Instruction: Calculate the probability using combinations.
Context: This question tests the candidate's knowledge of complex probability calculations in the context of a popular card game.
Certainly, approaching a question like this, especially in the context of a Data Scientist role, provides an excellent opportunity to not only showcase my technical proficiency in probability theory but also my analytical thinking and problem-solving skills. Let me walk you through my thought process on how to solve this problem, which, in essence, is a great reflection of how I tackle data-driven challenges.
To determine the probability of getting exactly 2 aces in a 5-card poker hand, we need to break down the problem into more manageable parts and apply the concept of combinations. Combinations, in probability, are ways of selecting items from a collection, such that the order of selection does not matter. This is crucial in our case since the order in which the cards are drawn is irrelevant.
First, let's consider the number of ways to draw 2 aces out of the 4 available in a standard 52-card deck. This can be calculated using the combination formula, which is denoted as C(n, k) = n! / [k!(n-k)!], where n is the total number of items, k is the number of items to choose, and ! denotes factorial, the product of all positive integers up to that number.
For the aces, n = 4 (since there are 4 aces in a deck) and k = 2 (since we want exactly 2 aces). Therefore, the number of ways to choose 2 aces is C(4, 2) = 4! / [2!(4-2)!] = 6.
Next, we have to consider the remaining 3 cards in the 5-card hand, which should not be aces. Since there are 48 non-ace cards in the deck, the number of ways to choose 3 non-aces is calculated similarly by the combination formula.

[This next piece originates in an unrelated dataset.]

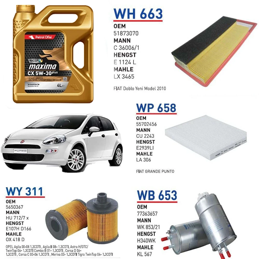 FİAT PUNTO 1.3 MULTİJET EURO 5 MOTOR YAĞ BAKIM SETİ
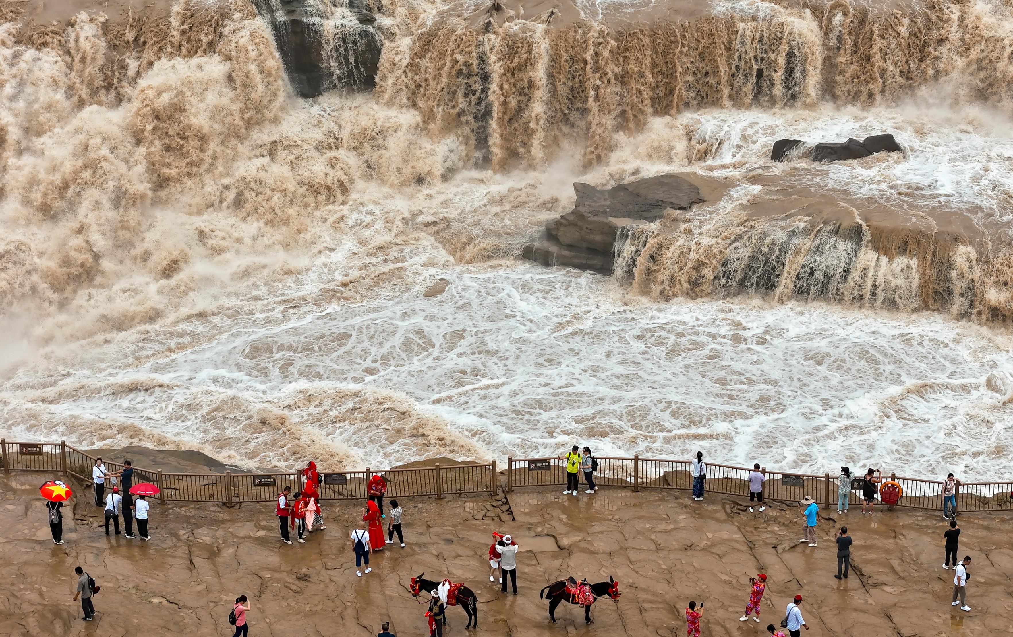 9月9日,游客在黃河壺口瀑布景區(qū)游覽。

For the non-aces, n = 48 and k = 3. Thus, C(48, 3) = 48! / [3!(48-3)!] = 17,296.
To find the total number of ways to get exactly 2 aces in a 5-card hand, we multiply the number of ways to choose the 2 aces by the number of ways to choose the 3 non-aces.
Therefore, the total number of ways = 6 * 17,296 = 103,776.
Lastly, to find the probability, we divide the total number of ways to achieve our specific hand by the total number of possible 5-card hands from a 52-card deck. The total number of 5-card hands is calculated as C(52, 5).
C(52, 5) = 52! / [5!(52-5)!] = 2,598,960.
The probability = Total number of ways to get exactly 2 aces / Total number of 5-card hands = 103,776 / 2,598,960 ≈ 0.0399.
To conclude, the probability of drawing a 5-card poker hand that contains exactly 2 aces is approximately 3.99%. This problem-solving approach—breaking down the problem, applying relevant mathematical concepts, and clearly communicating the solution—is indicative of the analytical skills and mindset I bring to the table as a Data Scientist. It’s a reflection of how I dissect data challenges, apply statistical methods, and derive insights that are both meaningful and actionable.